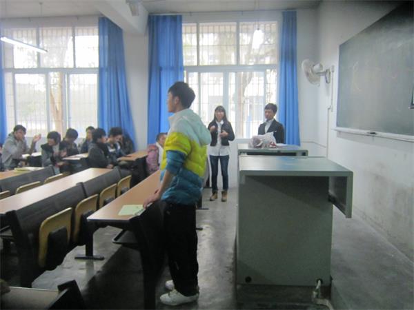 14级4班全体员工在第一教学楼201开展了“祖国在我心”团组织生活活动。活动分三项进行,活动第一项“唱团歌”,全体成员起立严肃庄重演唱《光荣啊!中国共青团》;活动第二项“节目表演”,同学踊跃上台表演,如歌曲《精忠报国》,这不禁增添了我们的爱国之情。13级1班在第二学术报告厅组织了“艰苦奋斗,携手腾飞”的主题活动,让同学们明白了,在人生道路上,不仅要有理想,更加要有梦,中国梦需要每个人的努力。13级2班在班长罗伟的主持中顺利开展,组织委员的演讲更是将班会带入高潮,在欢歌笑语中,大家认识到了祖国的腾飞与跨越,在动听的朗诵中,同学们结束了这次的主题班会。13级4班通过演讲、唱歌、看教育片等多样的方式,让同学们全方位的感受到了祖国就在你我的心中。13级5班主要通过宣讲有关行为习惯的注意事项,来让大家树立整洁优良的作风,从小事做起,时刻把祖国放心中。
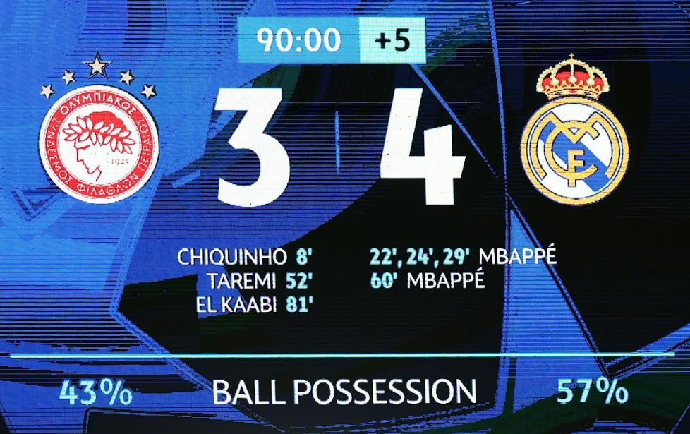 Επειδή όμως η Ρεάλ είναι η… Ρεάλ με τις όποιες απουσίες, έκανε την ανατροπή με συνοπτικές διαδικασίες. Πάρα πολύ εύκολα ο Εμπαπέ βρήκε τους χώρους και σκόραρε τρεις φορές στο πρώτο ημίχρονο. Ο Ολυμπιακός όμως δεν τα παράτησε και με επιμονή ότι τίποτα δεν έχει τελειώσει ξανά μπήκε στο παιχνίδι. Και τότε όμως η Ρεάλ λίγο ανέβασε ένταση και έκανε το 2-4. Ακόμη και τότε ουδείς εγκατέλειψε τη μάχη. Τα αμυντικά προβλήματα στην ομάδα του Αλόνσο ήταν εμφανή και ο Ελ Καμπί βρήκε το γκολ που τόσο έψαχνε. Στα τελευταία λεπτά που έμειναν, οι δύο τελικές του Ολυμπιακού σήκωσαν στο πόδι το γήπεδο και έδωσαν ελπίδα στον κόσμο. Μπορεί το γκολ να μην ήρθε, αλλά το γεγονός ότι ένα μεγάλο αποτέλεσμα ήταν τόσο κοντά είναι απολύτως ενθαρρυντικό.
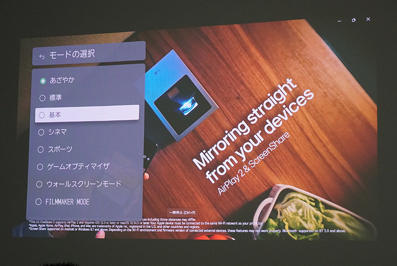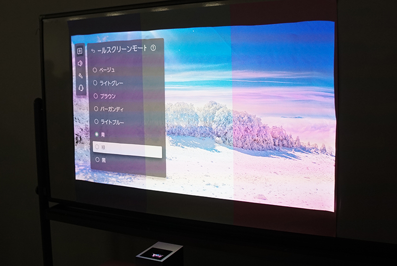 また、ベージュ、ライトグレー、ブラウン、バーガンディ、ライトブルー、青、緑、黒の8色の中から、壁色にあわせて映像の色を調整できる「ウォールスクリーンモード」を新たに搭載する。これにより、真っ白な壁やスクリーンに投影できない場合でも、自然な色での映像鑑賞が可能になるという。
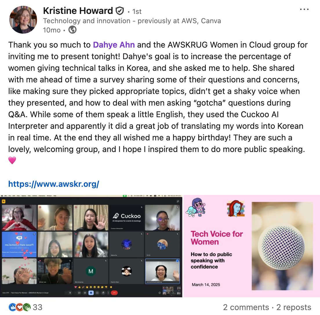 AWS 전 DevRel 이신 Kristine 에게 이 고민을 말했더니, "여성 엔지니어들에게 기술 발표에 대한 교육 세션을 제공하면 어떨까?"라는 아이디어를 주셨다.
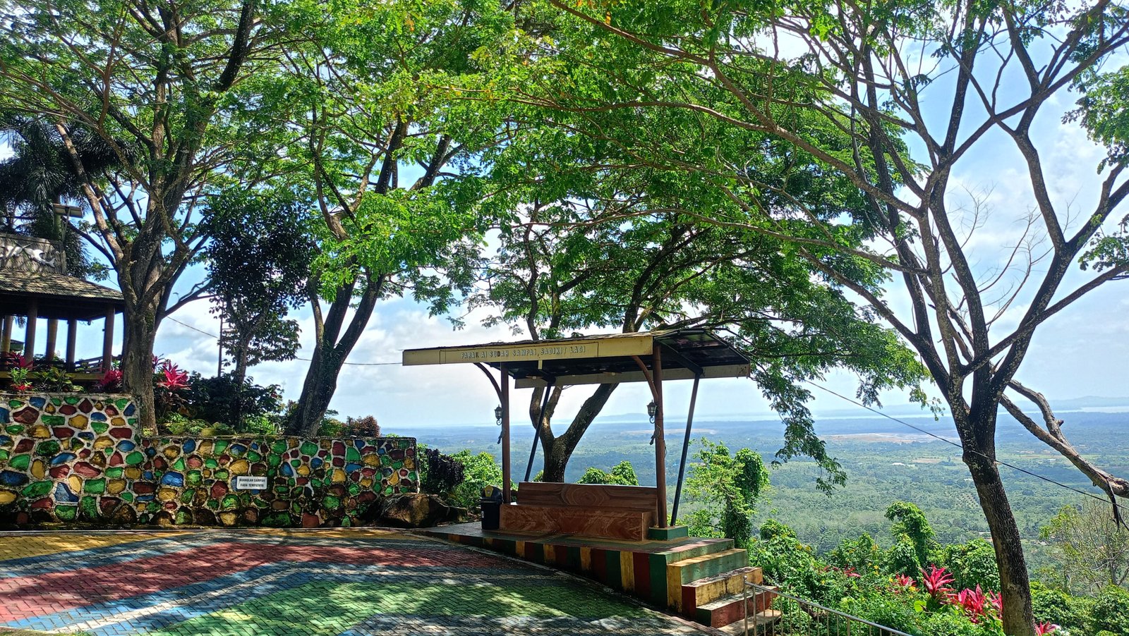 Begitu memasuki area wisata, pengunjung langsung disambut dinding bergambar karya seniman lokal. Lukisan-lukisan tersebut menampilkan suasana Hutan Meranti hingga destinasi wisata lainnya di Kotabaru, seperti Siring Laut, Gunung Mamake dan masih banyak lagi. Kehadiran karya seni itu menjadi daya tarik tersendiri sebelum pengunjung naik menuju area puncak.
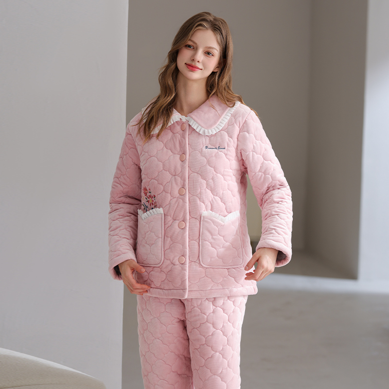 芬腾女睡衣冬季珊瑚绒夹棉袄三层加厚套装法兰绒抗静电保暖家居服
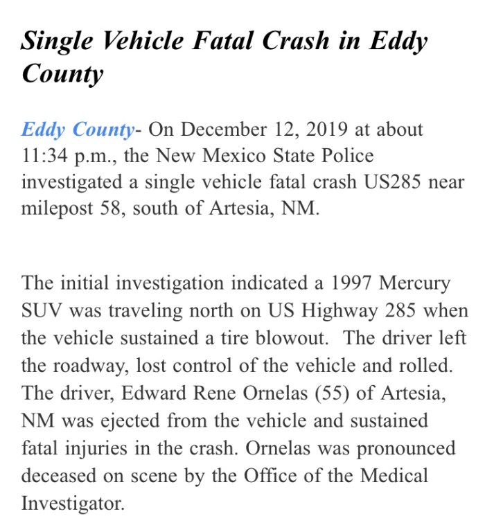 Featured Stories Fatal Crash in Eddy County By DukeCityTimes.com on December 13, 2019 • ( Leave a comment ) Share this: Share on X (Opens in new window) X Share on Facebook (Opens in new window) Facebook Like Loading... Related Categories: Featured Stories

*How to complete this task:* Beginning with the line that contains "AWS 전 DevRel" and ending with the last line of the data, transcribe each line exactly; pictures stay out.

*Solution to this problem:*
 AWS 전 DevRel 이신 Kristine 에게 이 고민을 말했더니, "여성 엔지니어들에게 기술 발표에 대한 교육 세션을 제공하면 어떨까?"라는 아이디어를 주셨다.
 Begitu memasuki area wisata, pengunjung langsung disambut dinding bergambar karya seniman lokal. Lukisan-lukisan tersebut menampilkan suasana Hutan Meranti hingga destinasi wisata lainnya di Kotabaru, seperti Siring Laut, Gunung Mamake dan masih banyak lagi. Kehadiran karya seni itu menjadi daya tarik tersendiri sebelum pengunjung naik menuju area puncak.
 芬腾女睡衣冬季珊瑚绒夹棉袄三层加厚套装法兰绒抗静电保暖家居服
 Featured Stories Fatal Crash in Eddy County By DukeCityTimes.com on December 13, 2019 • ( Leave a comment ) Share this: Share on X (Opens in new window) X Share on Facebook (Opens in new window) Facebook Like Loading... Related Categories: Featured Stories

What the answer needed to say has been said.